### BRIEF:
If pictures appear in the lines below, skip them and copy exactly the lines from the one containing "여름방학 봉사캠프 'ECO 플로깅' 참여자 모집" through the one containing "Zavod za kulturo, turizem", and nothing else.

### INFORMATION GIVEN:
──────────────────────────────

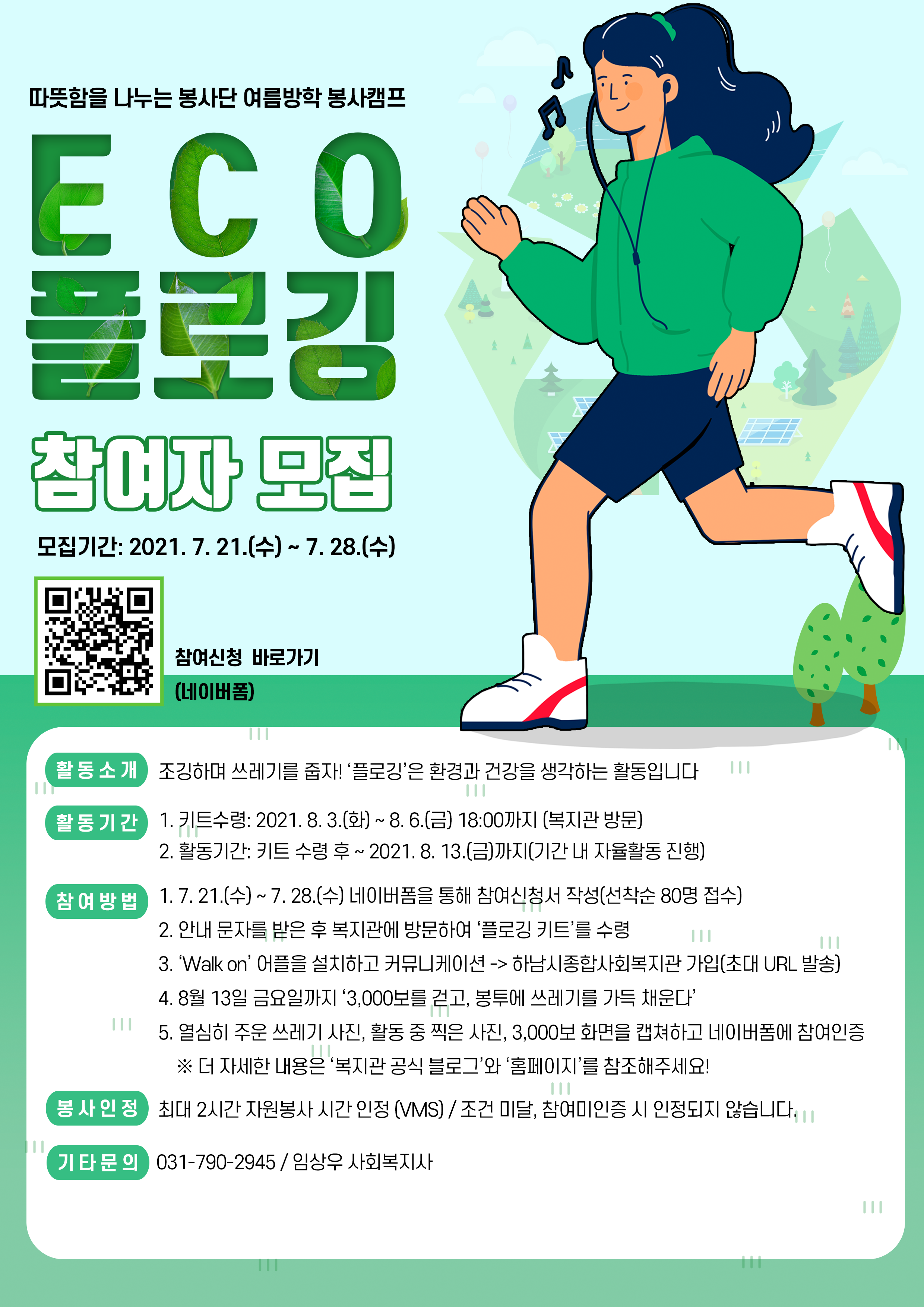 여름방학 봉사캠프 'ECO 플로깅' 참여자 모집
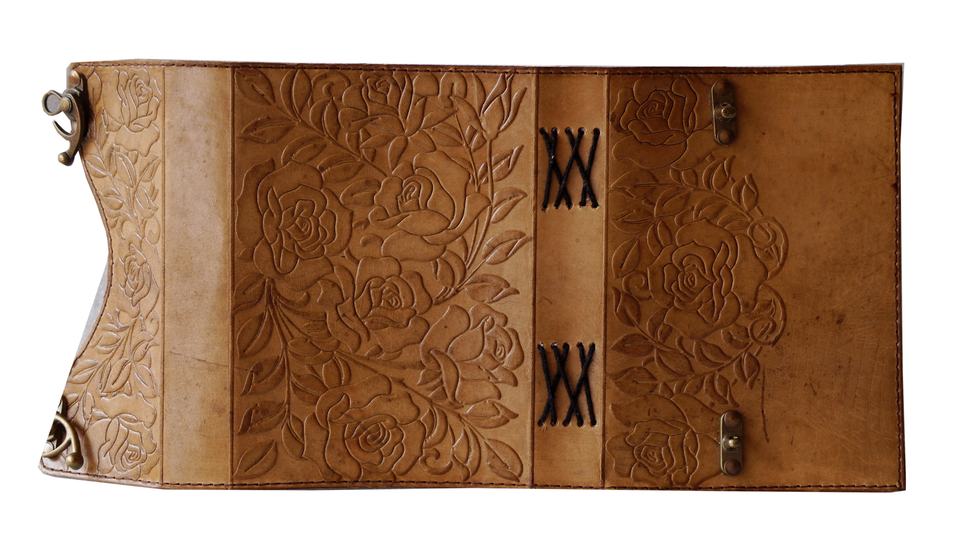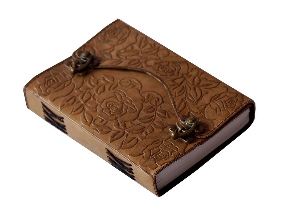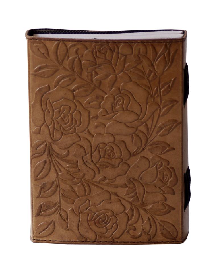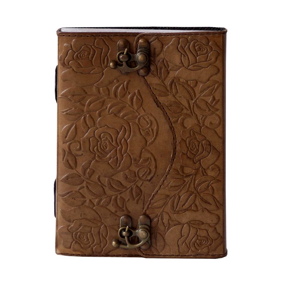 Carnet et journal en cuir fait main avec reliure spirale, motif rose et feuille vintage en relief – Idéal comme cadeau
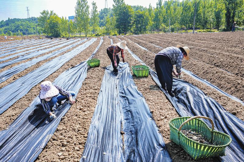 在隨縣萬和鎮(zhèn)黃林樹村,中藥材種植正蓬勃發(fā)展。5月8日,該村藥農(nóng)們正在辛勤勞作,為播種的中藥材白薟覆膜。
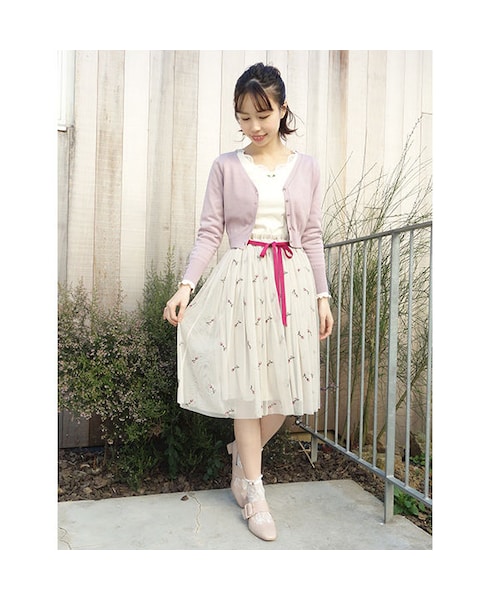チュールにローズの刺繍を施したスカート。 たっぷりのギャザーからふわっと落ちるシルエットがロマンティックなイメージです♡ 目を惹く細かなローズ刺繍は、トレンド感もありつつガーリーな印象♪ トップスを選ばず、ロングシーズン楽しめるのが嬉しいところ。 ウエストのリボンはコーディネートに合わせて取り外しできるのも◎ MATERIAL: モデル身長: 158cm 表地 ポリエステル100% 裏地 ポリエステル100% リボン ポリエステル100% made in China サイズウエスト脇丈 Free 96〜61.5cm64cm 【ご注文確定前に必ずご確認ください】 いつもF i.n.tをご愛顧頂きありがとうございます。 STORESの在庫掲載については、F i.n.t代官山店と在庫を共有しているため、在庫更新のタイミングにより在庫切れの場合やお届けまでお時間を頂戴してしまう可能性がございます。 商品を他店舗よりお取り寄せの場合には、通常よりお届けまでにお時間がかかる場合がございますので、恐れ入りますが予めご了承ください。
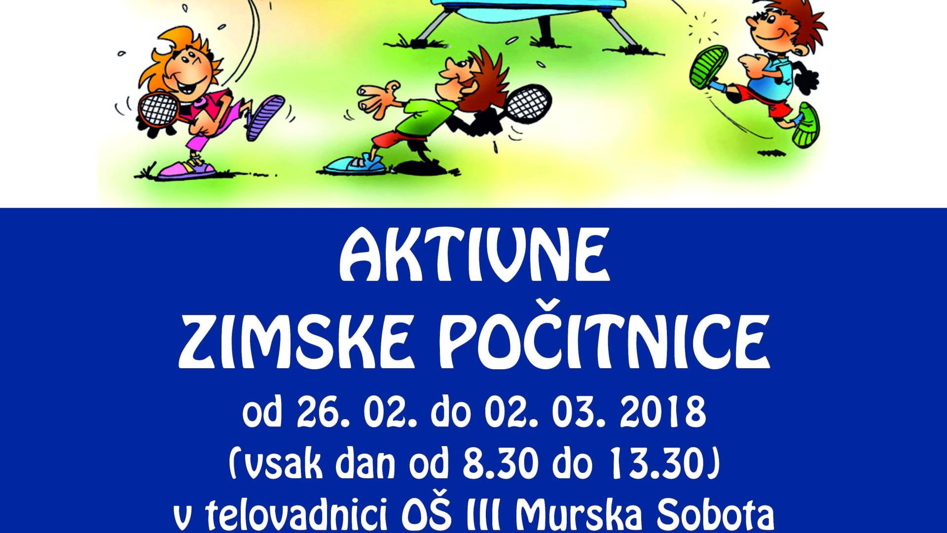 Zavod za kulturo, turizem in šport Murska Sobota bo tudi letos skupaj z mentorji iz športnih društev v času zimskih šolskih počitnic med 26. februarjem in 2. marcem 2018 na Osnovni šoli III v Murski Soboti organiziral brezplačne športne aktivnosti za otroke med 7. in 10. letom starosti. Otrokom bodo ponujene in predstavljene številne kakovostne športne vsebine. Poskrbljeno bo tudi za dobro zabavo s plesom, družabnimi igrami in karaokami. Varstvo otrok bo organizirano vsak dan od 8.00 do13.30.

──────────────────────────────

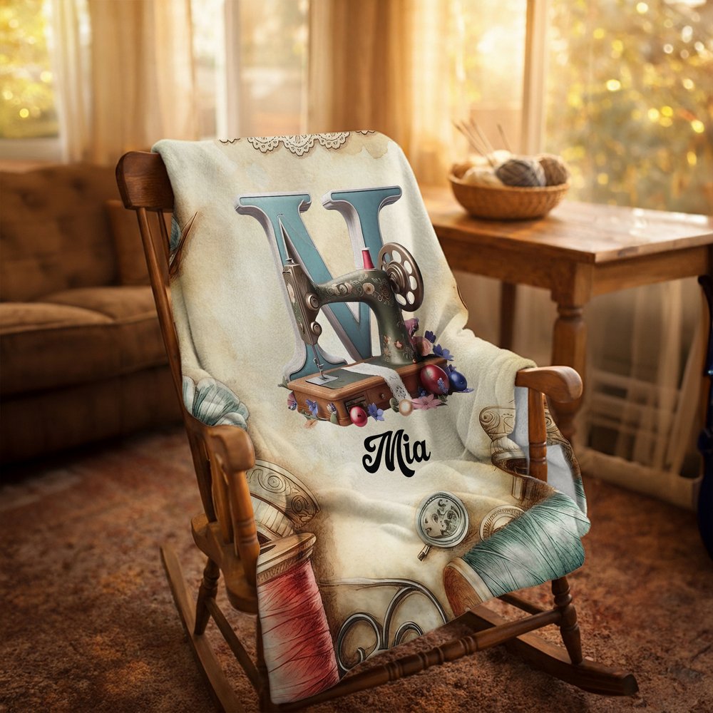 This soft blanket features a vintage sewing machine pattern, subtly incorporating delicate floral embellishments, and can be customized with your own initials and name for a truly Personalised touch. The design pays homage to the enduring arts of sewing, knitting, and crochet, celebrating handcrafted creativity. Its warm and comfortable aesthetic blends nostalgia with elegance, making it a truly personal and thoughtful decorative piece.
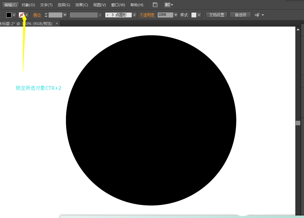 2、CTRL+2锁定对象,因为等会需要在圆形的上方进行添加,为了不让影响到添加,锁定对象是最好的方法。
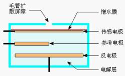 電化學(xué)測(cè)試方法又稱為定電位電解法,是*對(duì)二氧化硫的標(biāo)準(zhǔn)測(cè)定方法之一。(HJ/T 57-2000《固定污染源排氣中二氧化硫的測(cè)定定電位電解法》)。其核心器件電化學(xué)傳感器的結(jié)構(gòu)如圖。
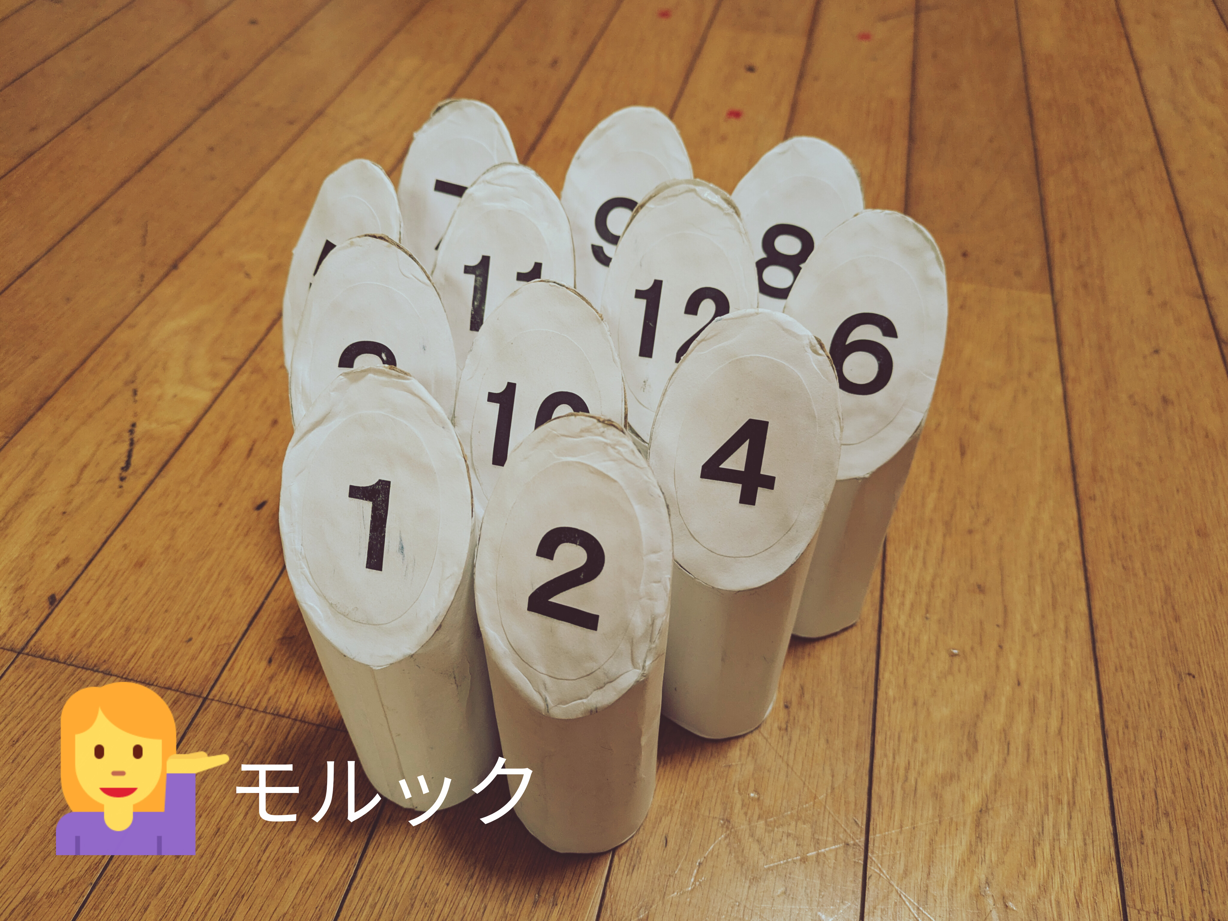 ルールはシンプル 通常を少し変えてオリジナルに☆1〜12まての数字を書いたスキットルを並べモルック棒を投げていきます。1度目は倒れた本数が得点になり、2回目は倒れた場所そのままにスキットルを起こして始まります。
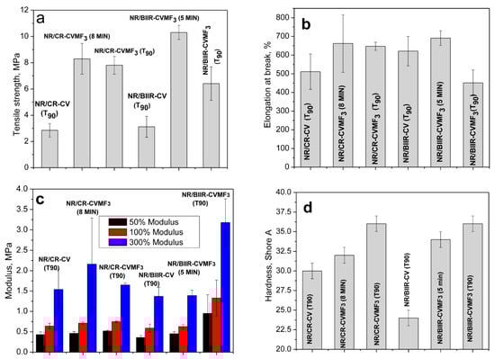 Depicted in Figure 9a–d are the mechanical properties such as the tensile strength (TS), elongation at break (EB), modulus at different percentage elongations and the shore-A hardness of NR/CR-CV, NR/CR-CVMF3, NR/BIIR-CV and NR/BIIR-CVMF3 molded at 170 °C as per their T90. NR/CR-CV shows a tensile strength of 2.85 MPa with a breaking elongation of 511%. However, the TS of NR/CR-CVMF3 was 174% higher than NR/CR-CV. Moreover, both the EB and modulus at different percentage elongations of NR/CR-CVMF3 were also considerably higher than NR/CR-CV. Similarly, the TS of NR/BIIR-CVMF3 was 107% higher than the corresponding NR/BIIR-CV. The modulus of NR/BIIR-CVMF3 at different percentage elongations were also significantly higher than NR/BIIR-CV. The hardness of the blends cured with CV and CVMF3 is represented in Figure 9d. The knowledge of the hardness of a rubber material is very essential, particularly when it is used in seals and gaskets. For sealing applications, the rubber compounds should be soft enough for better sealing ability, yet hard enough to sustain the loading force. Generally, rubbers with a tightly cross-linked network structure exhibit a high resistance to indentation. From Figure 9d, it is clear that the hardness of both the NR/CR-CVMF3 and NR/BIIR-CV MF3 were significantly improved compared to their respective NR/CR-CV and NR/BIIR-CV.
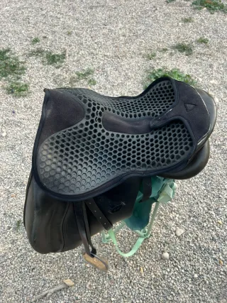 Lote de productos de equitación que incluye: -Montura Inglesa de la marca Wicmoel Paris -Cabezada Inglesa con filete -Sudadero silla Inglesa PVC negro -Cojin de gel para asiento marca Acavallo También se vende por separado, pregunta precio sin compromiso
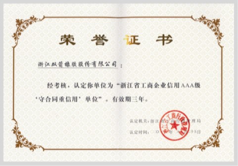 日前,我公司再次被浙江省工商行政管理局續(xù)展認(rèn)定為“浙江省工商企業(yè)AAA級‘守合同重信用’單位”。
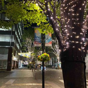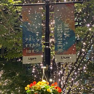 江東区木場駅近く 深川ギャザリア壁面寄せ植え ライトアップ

──────────────────────────────

### RESULT:
 여름방학 봉사캠프 'ECO 플로깅' 참여자 모집
 Carnet et journal en cuir fait main avec reliure spirale, motif rose et feuille vintage en relief – Idéal comme cadeau
 在隨縣萬和鎮(zhèn)黃林樹村,中藥材種植正蓬勃發(fā)展。5月8日,該村藥農(nóng)們正在辛勤勞作,為播種的中藥材白薟覆膜。
チュールにローズの刺繍を施したスカート。 たっぷりのギャザーからふわっと落ちるシルエットがロマンティックなイメージです♡ 目を惹く細かなローズ刺繍は、トレンド感もありつつガーリーな印象♪ トップスを選ばず、ロングシーズン楽しめるのが嬉しいところ。 ウエストのリボンはコーディネートに合わせて取り外しできるのも◎ MATERIAL: モデル身長: 158cm 表地 ポリエステル100% 裏地 ポリエステル100% リボン ポリエステル100% made in China サイズウエスト脇丈 Free 96〜61.5cm64cm 【ご注文確定前に必ずご確認ください】 いつもF i.n.tをご愛顧頂きありがとうございます。 STORESの在庫掲載については、F i.n.t代官山店と在庫を共有しているため、在庫更新のタイミングにより在庫切れの場合やお届けまでお時間を頂戴してしまう可能性がございます。 商品を他店舗よりお取り寄せの場合には、通常よりお届けまでにお時間がかかる場合がございますので、恐れ入りますが予めご了承ください。
 Zavod za kulturo, turizem in šport Murska Sobota bo tudi letos skupaj z mentorji iz športnih društev v času zimskih šolskih počitnic med 26. februarjem in 2. marcem 2018 na Osnovni šoli III v Murski Soboti organiziral brezplačne športne aktivnosti za otroke med 7. in 10. letom starosti. Otrokom bodo ponujene in predstavljene številne kakovostne športne vsebine. Poskrbljeno bo tudi za dobro zabavo s plesom, družabnimi igrami in karaokami. Varstvo otrok bo organizirano vsak dan od 8.00 do13.30.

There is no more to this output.